I know query space is ideally limited to plot/stakes/first act, but since most agents will not be familiar with the events or people I am covering, I feel the need to explain the real history and why it's worthy of being written about. I am afraid if I just present it as a standard fiction query, the true history I am trying to bring to light will get lost.
For example, I would like to include something like this to introduce the agent to the real history behind the story:
Lt.-Col. The Honourable John Maitland, the son of the 6th Earl of Lauderdale, has been dubbed by military historians as the "Savior of Savannah" for his ingenuity in leading 800 troops from Beaufort under impossible odds, reaching Savannah ahead of the French blockade just in time to defend the town--despite having already lost one arm in battle and while suffering from malaria.

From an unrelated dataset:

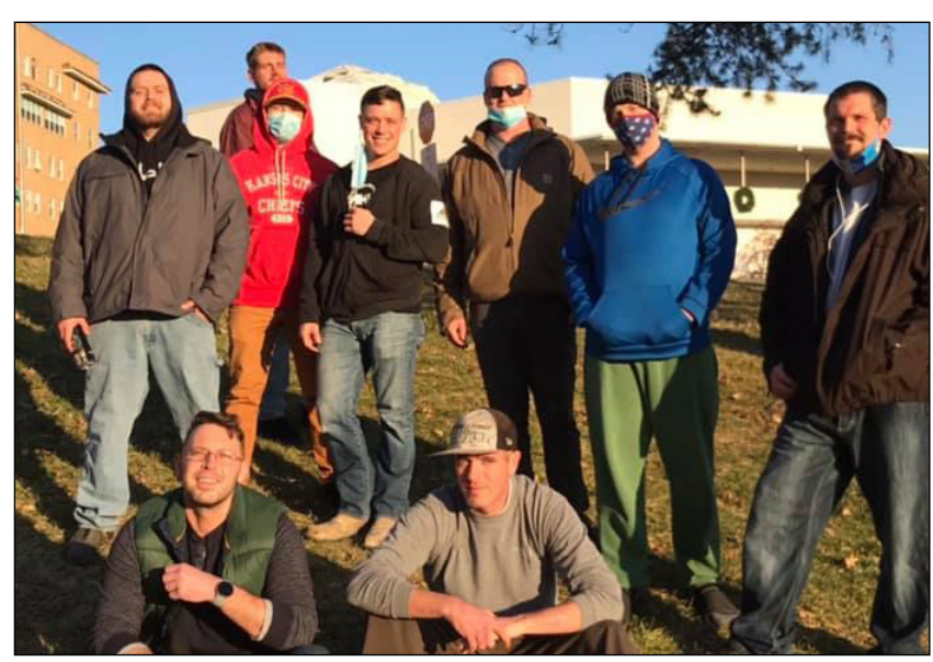
Clients of Artists Helping the Homeless.

The respite house concept was developed to bridge the 4-to 8-week gap between detox and inpatient treatment. A return to the street often meant the $3,000-$5,000 cost for detox was lost along with the person's sense they could make a change. At the respite house, they can continue to progress while waiting to be admitted to another service. AHH respite facilities provide residents a place to clear their minds and make plans and address recovery and multiple coexisting conditions. Shelter, food and basic needs are provided free of cost. Monitored 24/7

Even the USMC museum on Parris Island has a display memorializing this feat, despite the fact that Maitland was an "opponent."
(1) Is it okay that I include a brief paragraph like this explaining the real history behind the story?
(2) If I do this, can I be forgiven for going over the standard query word count, or would I have to sacrifice precious plot/stakes space?
(3) Or is this unnecessary altogether and I am overthinking it?
(3) Sorta but not really
This is a textbook example of the value of an author website even if you've never published anything.
These kinds of explanations/elaborations/info dumps belong on your website, not in the query.
You need to engage the agent in your story first, not the history behind it.
If I'm interested in the story, I'll probably swim by your website BEFORE I request pages.
One reason I do that is to find out if you've self published this and "forgot" to tell me.
You can make sure I know to swim by if you include something like:
My main goal isI want to introduce readers to some great unsung heroes from both sides
Your main goal is to tell a good story.
Please don't hint that it's anything else.
educate about this lesser-known saga.There's more information about them on my website (listed below.)"
Under NO, ZERO, ZIPPO circumstances will you use the word educate in a query for a novel. People do not buy novels to learn about things. They buy novels for the story. That they learn stuff is a bonus.